# R15 Rebate



## Manchesters (Nov 20, 2005)

How do we apply for the $100 rebate? Where/how do we get the form?

Thanks!


----------



## ISWIZ (Nov 18, 2005)

Value electronics and DTV have them on their site. You have to have your first DTV bill showing the service added. Also heard DTV sends you the form


----------



## Malibu13 (Sep 12, 2004)

ISWIZ is correct.  many have posted that they printed the form off of D*'s website, mailed it and received the rebate without probs.


----------



## Crystal Pepsi Ball (Jun 29, 2004)

the website for the rebate is www.directv.com/dvrrebate


----------



## Manchesters (Nov 20, 2005)

Thanks to you kind people for the help!!!


----------



## jwheeler (Nov 23, 2005)

What is the average time it takes to recieve the rebate once submited


----------



## Malibu13 (Sep 12, 2004)

jwheeler said:


> What is the average time it takes to recieve the rebate once submited


i have seen reports of as little as 3 wks.-8wks...........and yet, some have not gotten it back yet, even after 8 wks.


----------



## Janice805 (Nov 27, 2005)

I mailed mine on 10-20-05 (rebate form printed from website) and received my $100 check today 11-26-05.


----------



## Janice805 (Nov 27, 2005)

Oops. Sorry, mine was not for the R15 but for another R10 Direct TV TIVO. Just found this forum today and didn't pay close attention (just saw "rebate").... 

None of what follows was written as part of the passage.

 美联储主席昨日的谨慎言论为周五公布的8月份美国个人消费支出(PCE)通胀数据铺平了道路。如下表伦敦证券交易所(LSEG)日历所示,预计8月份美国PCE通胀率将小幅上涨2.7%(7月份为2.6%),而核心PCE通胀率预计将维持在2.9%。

Just came over from the TIVO Community forum. Guess I'll lurk here now (but try to pay closer attention to the subject matter)


----------



## Malibu13 (Sep 12, 2004)

Janice805 said:


> I mailed mine on 10-20-05 (rebate form printed from website) and received my $100 check today 11-26-05.


glad you got it back relatively quick.  that early xmas cash helps huh?


----------



## Bogney (Jul 11, 2003)

My sister got an R15 with the understanding that there was a $100 rebate. Now she is being told that the rebate is for new subscribers only. Is this true?


----------



## Manchesters (Nov 20, 2005)

Bogney said:


> My sister got an R15 with the understanding that there was a $100 rebate. Now she is being told that the rebate is for new subscribers only. Is this true?

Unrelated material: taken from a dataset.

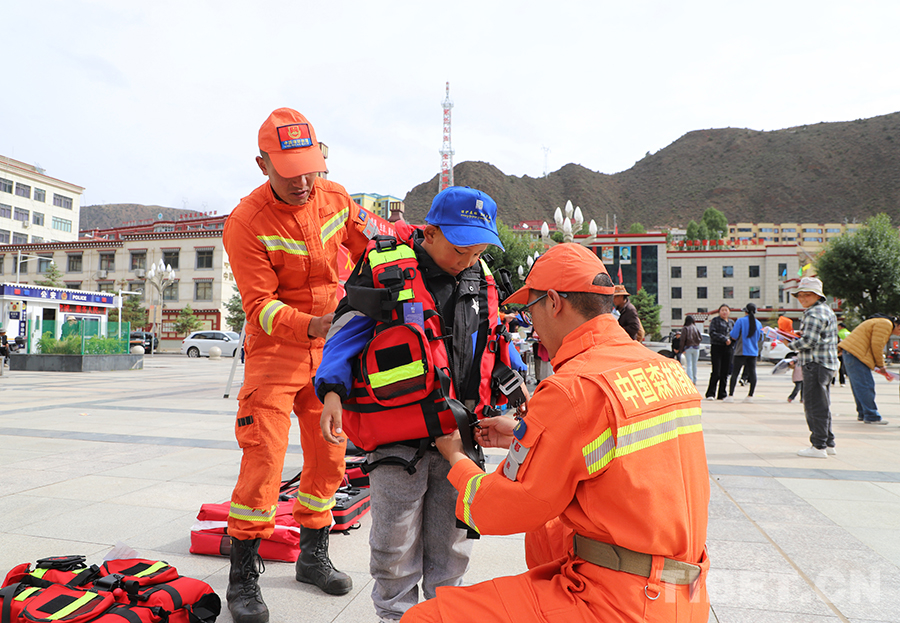 “這是我們最新配發(fā)的液壓擴(kuò)張器和液壓剪切器,主要用于打開救援通道……”在裝備展示區(qū),消防員土登旺堆正在為群眾詳細(xì)講解液壓剪切器、液壓頂撐器、生命探測儀等各類救援裝備的特點(diǎn)和使用方法,并邀請群眾進(jìn)行親身體驗(yàn)。

No, that is not true. It is for anyone who buys the R-10 or R-15 and activates it!


----------



## carl6 (Nov 16, 2005)

I believe there is a limit of one rebate within some period of time, such as the past year or something like that.

Based on when she started service and what, if any, upgrades she has had since then, she may or may not be eligible for the R15 rebate.

Carl


----------



## Manchesters (Nov 20, 2005)

I got my rebate today in the mail. Sent it in approx. 11/25.


----------



## Malibu13 (Sep 12, 2004)

Glad to hear it  Now enjoy your "Free DVR"


----------